Exactly the lines below from the line with "scratch绘制多边形,是" through the line with "商品名称:不规则开叉下摆春秋黑色a字半身裙女轻熟风设计感小众裙 492116" must make up the answer, both ends included and pictures left out.

Provided data:
================
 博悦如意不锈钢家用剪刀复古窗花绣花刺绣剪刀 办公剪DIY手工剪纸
================
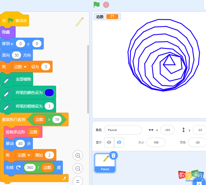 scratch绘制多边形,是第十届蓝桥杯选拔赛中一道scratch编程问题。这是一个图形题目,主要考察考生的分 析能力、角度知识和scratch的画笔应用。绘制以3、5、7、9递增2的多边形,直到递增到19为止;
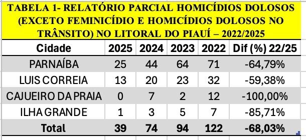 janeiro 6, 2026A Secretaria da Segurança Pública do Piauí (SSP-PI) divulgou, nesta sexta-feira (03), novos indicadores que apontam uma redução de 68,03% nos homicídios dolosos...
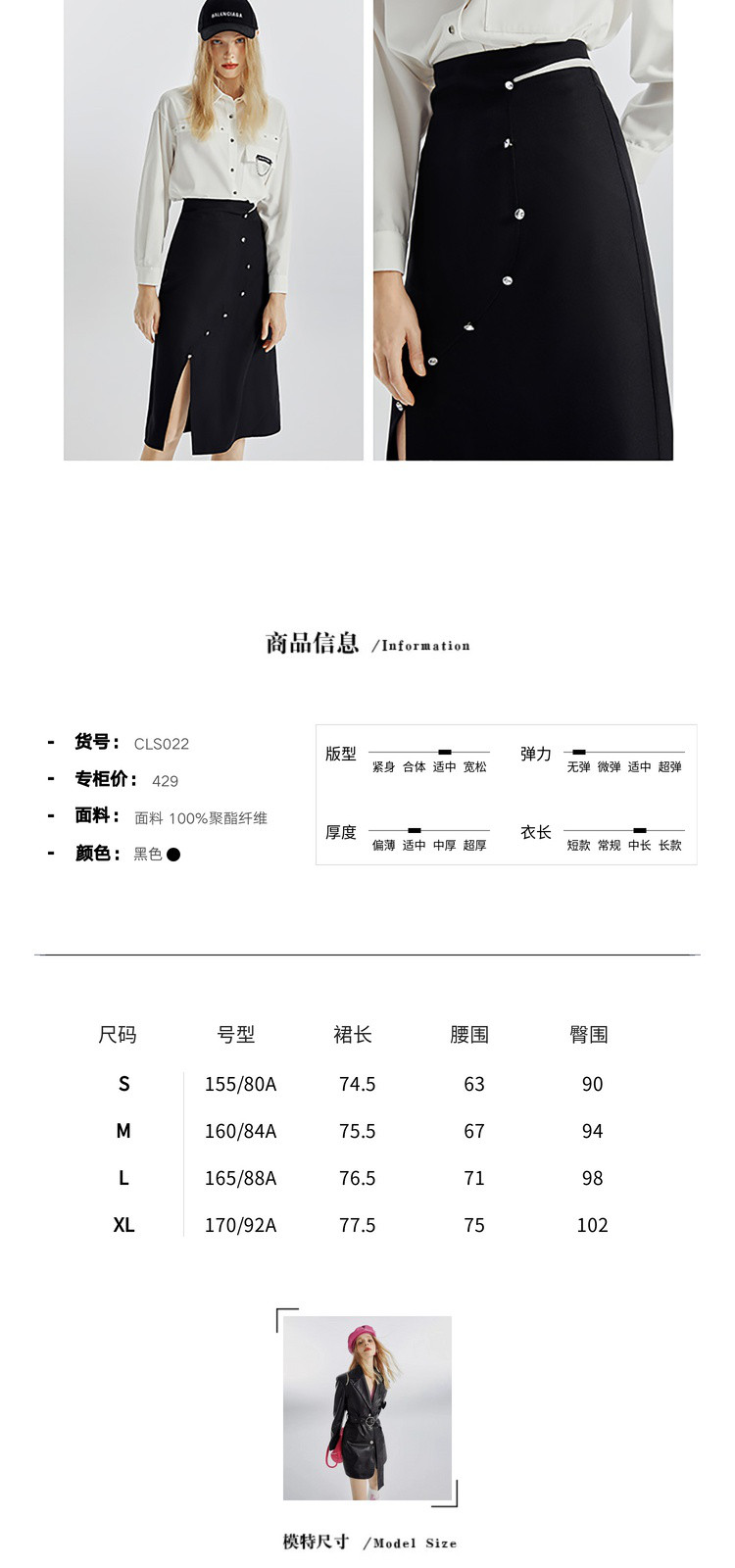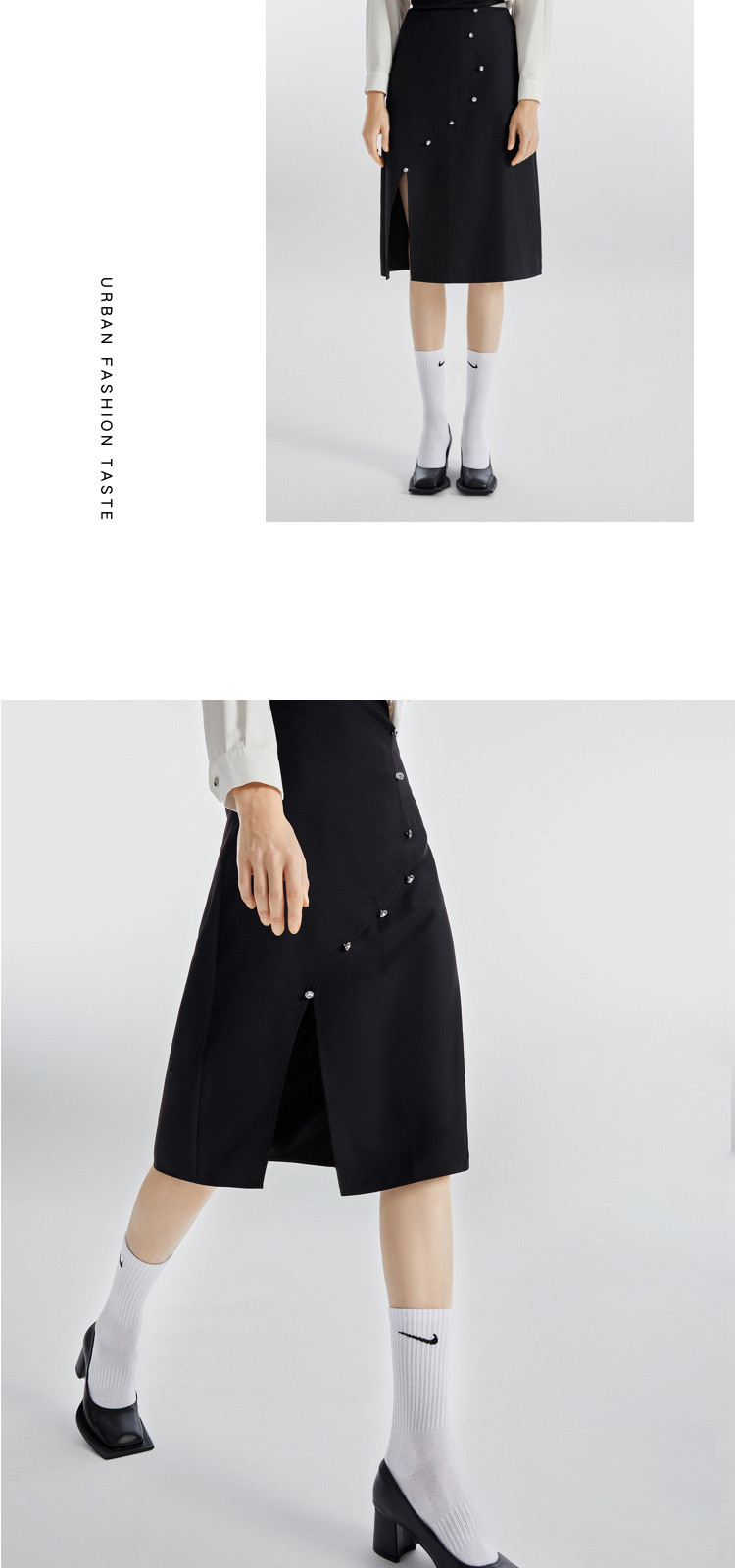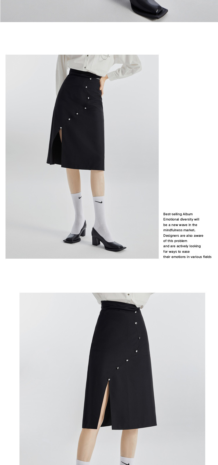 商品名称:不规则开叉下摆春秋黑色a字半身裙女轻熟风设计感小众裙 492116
================
Task output:
 scratch绘制多边形,是第十届蓝桥杯选拔赛中一道scratch编程问题。这是一个图形题目,主要考察考生的分 析能力、角度知识和scratch的画笔应用。绘制以3、5、7、9递增2的多边形,直到递增到19为止;
 janeiro 6, 2026A Secretaria da Segurança Pública do Piauí (SSP-PI) divulgou, nesta sexta-feira (03), novos indicadores que apontam uma redução de 68,03% nos homicídios dolosos...
 商品名称:不规则开叉下摆春秋黑色a字半身裙女轻熟风设计感小众裙 492116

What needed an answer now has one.